Data set of the week: (2010/05/30) Use of fluorescence-activated vesicle sorting for isolation of naked2-associated, basolaterally-targeted exocytic vesicles for proteomic analysis.
This data set contains 6 experiments obtained
from C. familiaris and it is probably the best single data set we have in GPMDB from the domestic dog proteome.

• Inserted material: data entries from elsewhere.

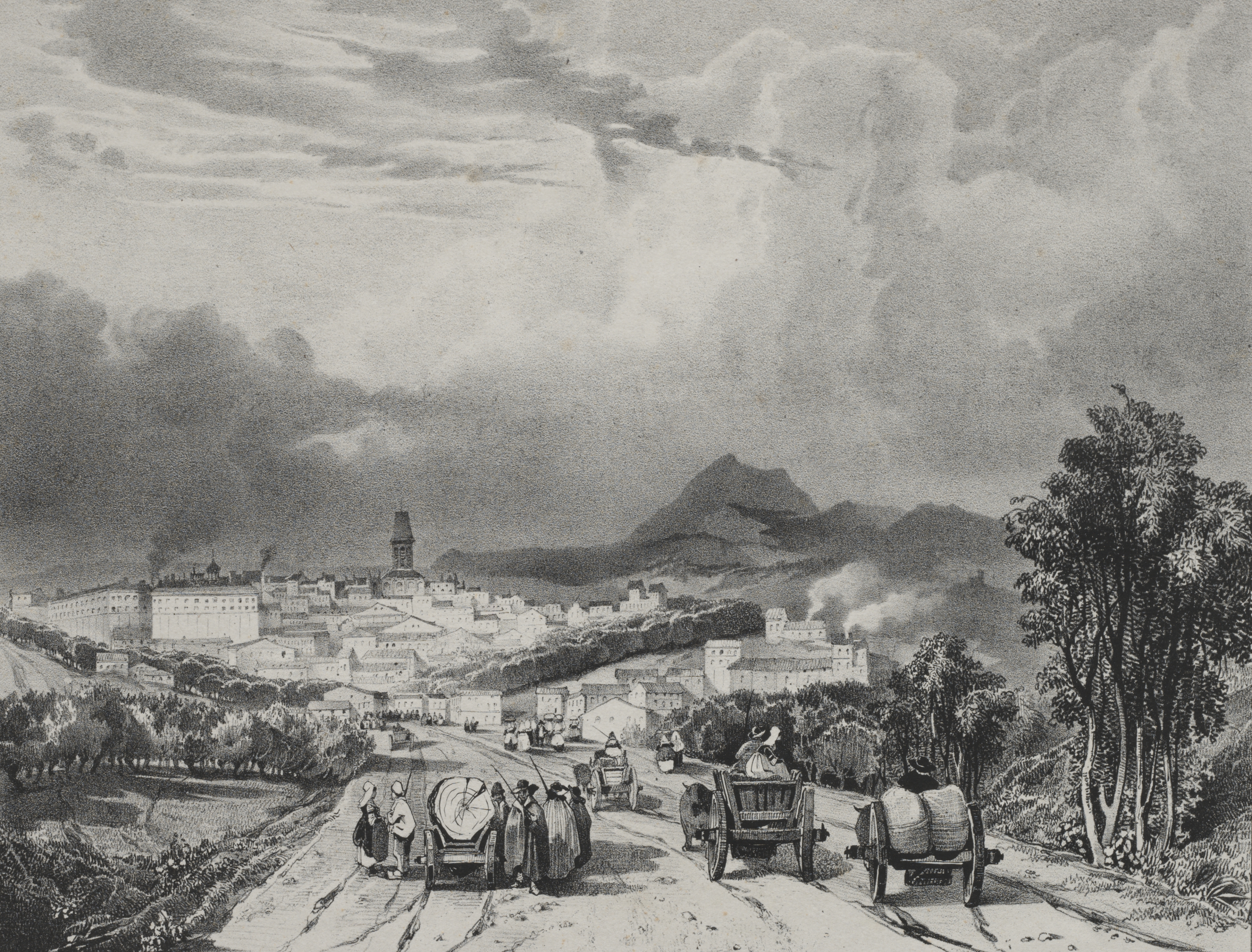 Black and white landscape scene. Dirt road in foreground with horse-drawn carts on it. People on and beside road. Trees beside and in background. Buildings on left side in background. Mountain range behind buildings. Cloudy sky. Title: Vue generale de Riom, Auvergne Artist: Adrien Dauzats.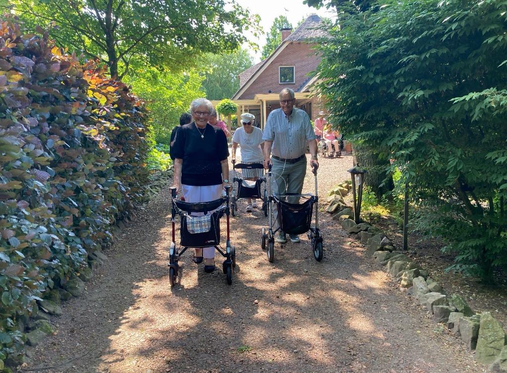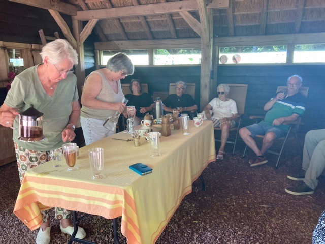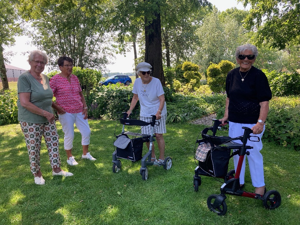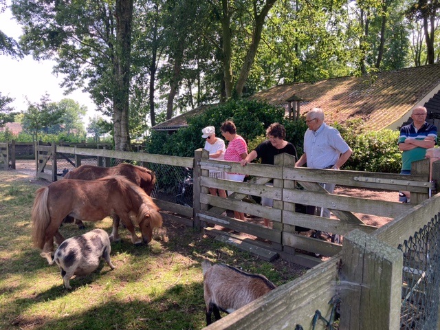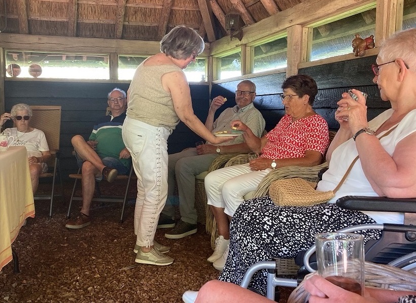 Geplaatst op:20-06-2023 Bijgewerkt op:20-06-2023 14:55 Zonnebloemgasten bezoeken tuin in LinschotenBron: Mia DanielsMaar liefst drie middagen waren de gasten en vrijwilligers van de Zonnebloem welkom in de tuin van mevrouw en meneer Van de Berg aan de Cattenbroekerdijk in Linschoten. We werden ontvangen met koffie en thee en de Zonnebloem had voor iets lekkers gezorgd. Het was er heerlijk in de schaduw onder de grote overkapping, waar we gezellig zaten samen met onze gastvrouw en gastheer en steeds 10 gasten en 4 vrijwilligers. Daarna hebben we een wandeling door de mooie tuin gemaakt. Achter in de tuin is alle ruimte voor twee zwijntjes, twee pony’s en een aantal geitjes. Ook is er een grote haag, met daarachter een grassentuin en hortensia’s. Er staan prachtige rododendrons en we hebben genoten van de kleurrijke bloemen. Hartelijk dank mevrouw en meneer Van de Berg voor jullie gastvrijheid!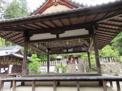 目的地から少し歩いていくと、何やら神社が見えてきました。「石座神社」と書いてあります。いったい何と読むのか、神社の真ん中にある建物は何のためにあるのか。またまたたくさんの疑問が出てきました。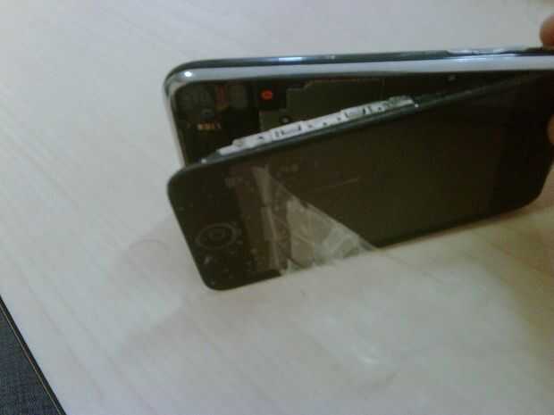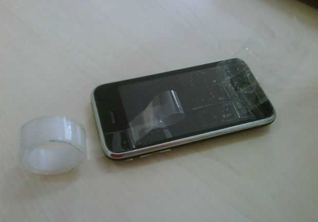 Ahora solo Pegue esas rayas en el cristal justo sobre el botón de inicio, firmemente agarrar los lados de metal del iPhone con una mano y comienzan a tire de la cinta con la otra. El más pequeño (inferior) el ángulo de tracción en relación con el vidrio, mejor el agarre.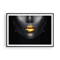 Poster in einem schwarzem Rahmen - Schwarz-goldenes Porträt einer Frau mit einem Tropfen Gold auf den Lippen - 100x70cm - Goldmaul - Moderne Wanddekoration für Wohnzimmer und Schlafzimmer ARTTOR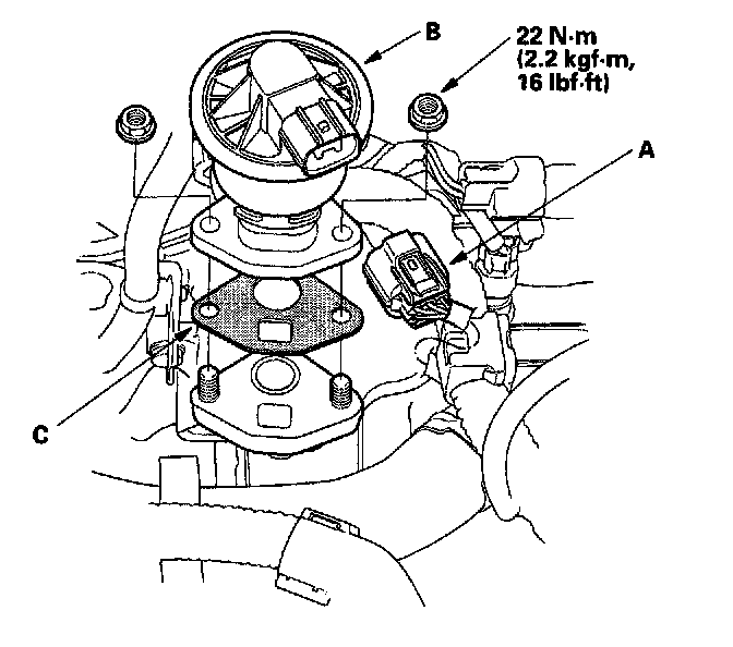 4. Install the valve in the reverse order of removal with a new gasket (C).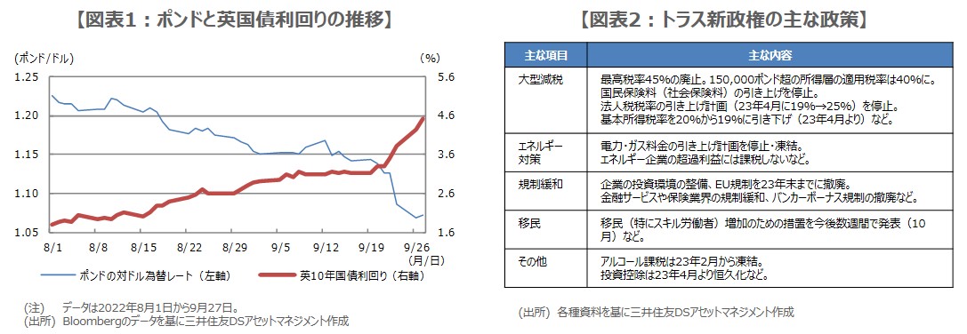 先週来、英国の通貨ポンドが急落し、対主要通貨でほぼ全面安の展開となっています。9月26日には、対ドルで1ポンド=1.0350ドル水準まで下落し、1972年の変動相場制移行後の最安値をつけました(図表1)。こうしたなか、債券市場では英国債の利回りが急騰(価格は急落)しており、9月27日には10年国債利回りが一時4.53%台まで上昇したほか、30年国債利回りも一時5%台に乗せ、2002年以来の高水準に達しました。

This work was transferred from TRANCHE
and it was published by Cao Z, Li C, Higginbotham JN, Franklin JL, Tabb DL, Graves-Deal R, Hill S, Cheek K, Jerome WG, Lapierre LA, Goldenring JR, Ham AJ, Coffey RJ.
in Mol. Cell. Proteomics 2008, 7:1651-67 (PubMed).
The individual experiments show how well fairly straightforward proteomics techniques can perform
on vesicular membrane proteins. They also demonstrate of the type of comprehensive results that can be obtained using a proteome
sequence that is almost completely the result of genome annotation.
Homo sapiens microbiome associated proteome available for searches (2010/05/29)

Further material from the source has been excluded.